>>>>>
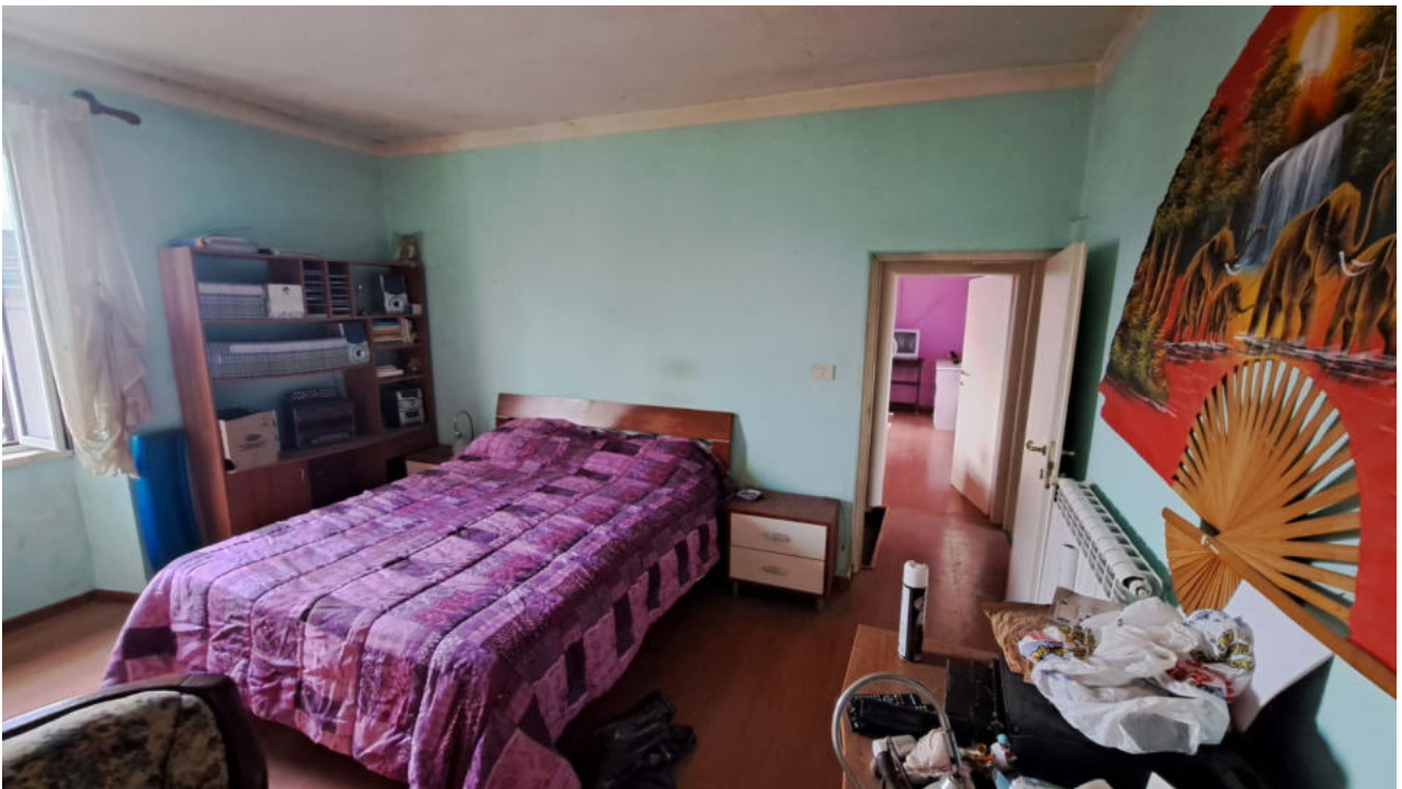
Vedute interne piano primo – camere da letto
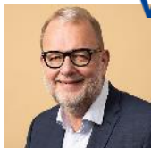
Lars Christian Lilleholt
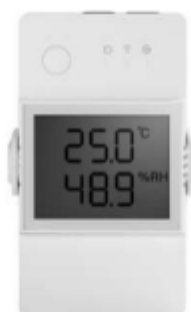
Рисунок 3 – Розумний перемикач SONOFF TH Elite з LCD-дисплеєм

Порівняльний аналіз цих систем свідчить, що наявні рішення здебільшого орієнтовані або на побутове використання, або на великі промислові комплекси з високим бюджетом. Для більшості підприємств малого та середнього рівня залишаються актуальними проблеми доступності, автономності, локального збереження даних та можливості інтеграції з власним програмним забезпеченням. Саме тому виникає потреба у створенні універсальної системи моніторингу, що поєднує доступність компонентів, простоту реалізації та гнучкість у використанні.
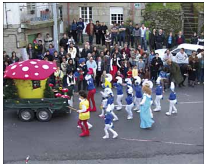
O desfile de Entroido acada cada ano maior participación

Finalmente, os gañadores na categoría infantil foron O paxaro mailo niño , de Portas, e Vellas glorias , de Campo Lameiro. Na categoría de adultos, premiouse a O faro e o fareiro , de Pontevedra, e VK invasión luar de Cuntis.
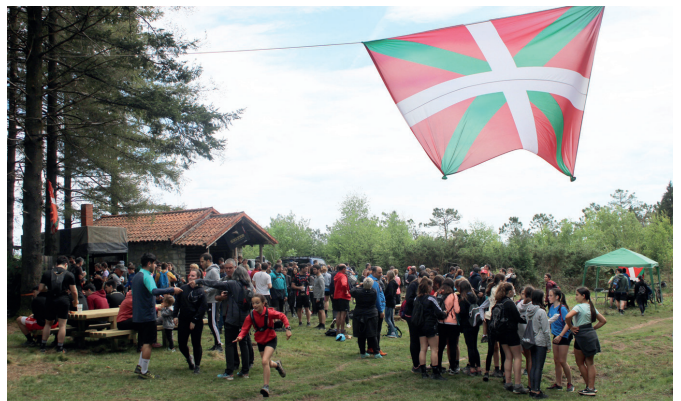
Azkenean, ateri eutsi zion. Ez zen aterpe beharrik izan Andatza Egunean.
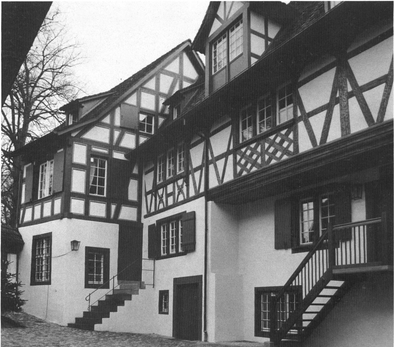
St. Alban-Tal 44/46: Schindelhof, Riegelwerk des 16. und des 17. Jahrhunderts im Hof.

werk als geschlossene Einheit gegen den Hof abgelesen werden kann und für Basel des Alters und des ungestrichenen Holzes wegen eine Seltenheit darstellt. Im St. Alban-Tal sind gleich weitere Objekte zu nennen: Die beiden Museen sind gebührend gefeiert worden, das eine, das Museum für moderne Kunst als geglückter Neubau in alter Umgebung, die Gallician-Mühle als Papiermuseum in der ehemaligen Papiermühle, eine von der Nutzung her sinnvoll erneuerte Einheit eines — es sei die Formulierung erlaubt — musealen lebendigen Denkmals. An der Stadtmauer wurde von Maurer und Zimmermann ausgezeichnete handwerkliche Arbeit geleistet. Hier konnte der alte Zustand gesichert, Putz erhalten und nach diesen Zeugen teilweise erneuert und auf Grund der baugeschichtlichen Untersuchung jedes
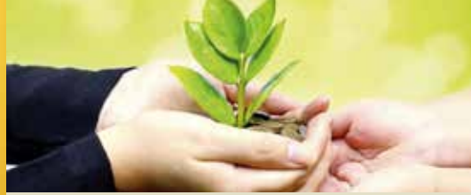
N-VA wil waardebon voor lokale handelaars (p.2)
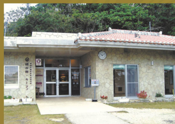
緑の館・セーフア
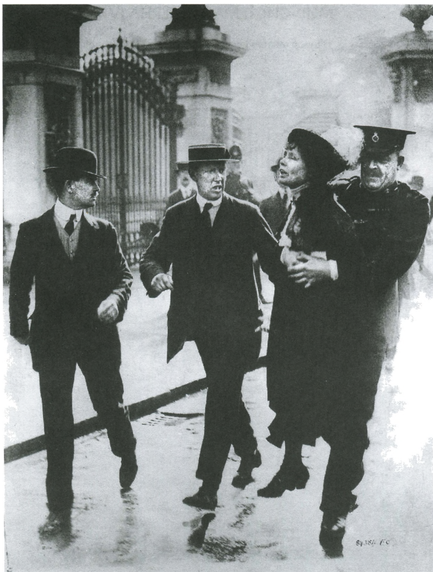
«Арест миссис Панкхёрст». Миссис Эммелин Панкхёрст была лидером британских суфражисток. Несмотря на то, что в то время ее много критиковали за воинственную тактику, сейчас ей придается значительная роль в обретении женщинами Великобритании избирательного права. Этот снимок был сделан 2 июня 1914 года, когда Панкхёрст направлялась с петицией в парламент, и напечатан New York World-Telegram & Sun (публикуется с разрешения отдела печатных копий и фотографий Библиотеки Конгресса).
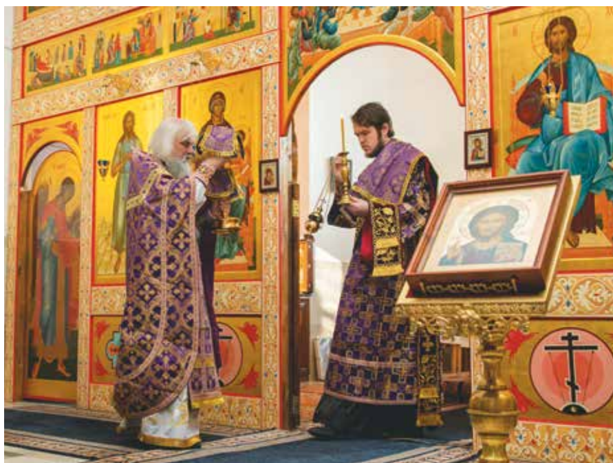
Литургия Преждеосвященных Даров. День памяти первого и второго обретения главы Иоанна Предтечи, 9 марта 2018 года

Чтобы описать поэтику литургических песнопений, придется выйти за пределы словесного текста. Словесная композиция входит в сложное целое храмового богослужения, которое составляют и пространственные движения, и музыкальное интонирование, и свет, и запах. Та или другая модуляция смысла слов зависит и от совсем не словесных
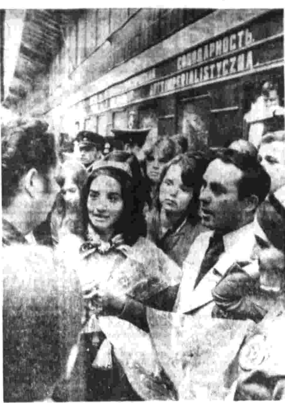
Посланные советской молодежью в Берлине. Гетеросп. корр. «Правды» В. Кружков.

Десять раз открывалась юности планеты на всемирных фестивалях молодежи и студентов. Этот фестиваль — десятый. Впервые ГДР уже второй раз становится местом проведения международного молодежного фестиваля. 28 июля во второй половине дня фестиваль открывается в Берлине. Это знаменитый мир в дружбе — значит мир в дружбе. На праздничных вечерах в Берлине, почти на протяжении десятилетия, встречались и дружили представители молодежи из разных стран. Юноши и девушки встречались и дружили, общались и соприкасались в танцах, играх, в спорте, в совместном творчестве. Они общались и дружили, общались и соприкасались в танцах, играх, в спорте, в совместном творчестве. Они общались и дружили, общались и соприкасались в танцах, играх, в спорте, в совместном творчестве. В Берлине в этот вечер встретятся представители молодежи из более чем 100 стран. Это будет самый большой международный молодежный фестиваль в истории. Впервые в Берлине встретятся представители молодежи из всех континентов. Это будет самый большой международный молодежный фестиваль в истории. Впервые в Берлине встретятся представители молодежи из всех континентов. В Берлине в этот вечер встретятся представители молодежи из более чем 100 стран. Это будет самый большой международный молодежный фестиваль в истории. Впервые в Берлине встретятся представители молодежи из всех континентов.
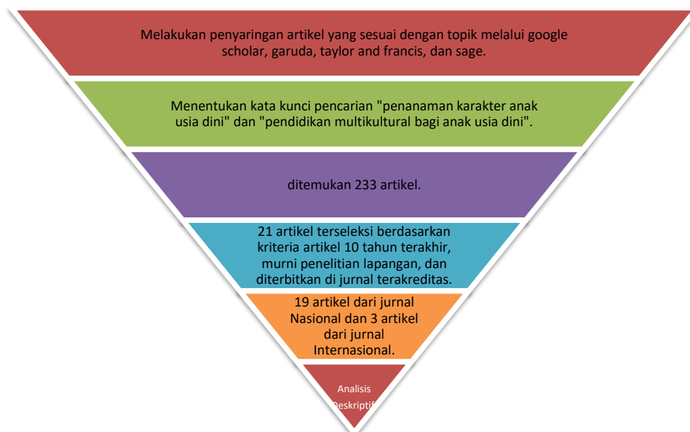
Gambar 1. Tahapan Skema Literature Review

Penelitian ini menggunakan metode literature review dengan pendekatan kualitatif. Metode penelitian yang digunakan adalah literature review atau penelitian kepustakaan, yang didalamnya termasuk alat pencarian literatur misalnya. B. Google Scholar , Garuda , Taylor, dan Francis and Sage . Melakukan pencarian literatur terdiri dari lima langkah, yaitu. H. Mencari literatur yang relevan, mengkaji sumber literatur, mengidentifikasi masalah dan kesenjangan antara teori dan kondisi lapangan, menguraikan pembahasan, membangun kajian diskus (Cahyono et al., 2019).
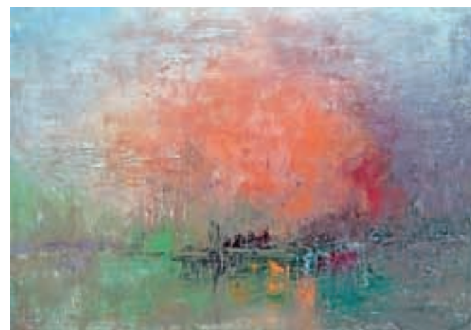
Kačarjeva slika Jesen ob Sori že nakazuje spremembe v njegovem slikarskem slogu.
<<<<<
Lines of the listing above that contain the word "года" must all be copied.

*TASK RESULT*:
«Арест миссис Панкхёрст». Миссис Эммелин Панкхёрст была лидером британских суфражисток. Несмотря на то, что в то время ее много критиковали за воинственную тактику, сейчас ей придается значительная роль в обретении женщинами Великобритании избирательного права. Этот снимок был сделан 2 июня 1914 года, когда Панкхёрст направлялась с петицией в парламент, и напечатан New York World-Telegram & Sun (публикуется с разрешения отдела печатных копий и фотографий Библиотеки Конгресса).
Литургия Преждеосвященных Даров. День памяти первого и второго обретения главы Иоанна Предтечи, 9 марта 2018 года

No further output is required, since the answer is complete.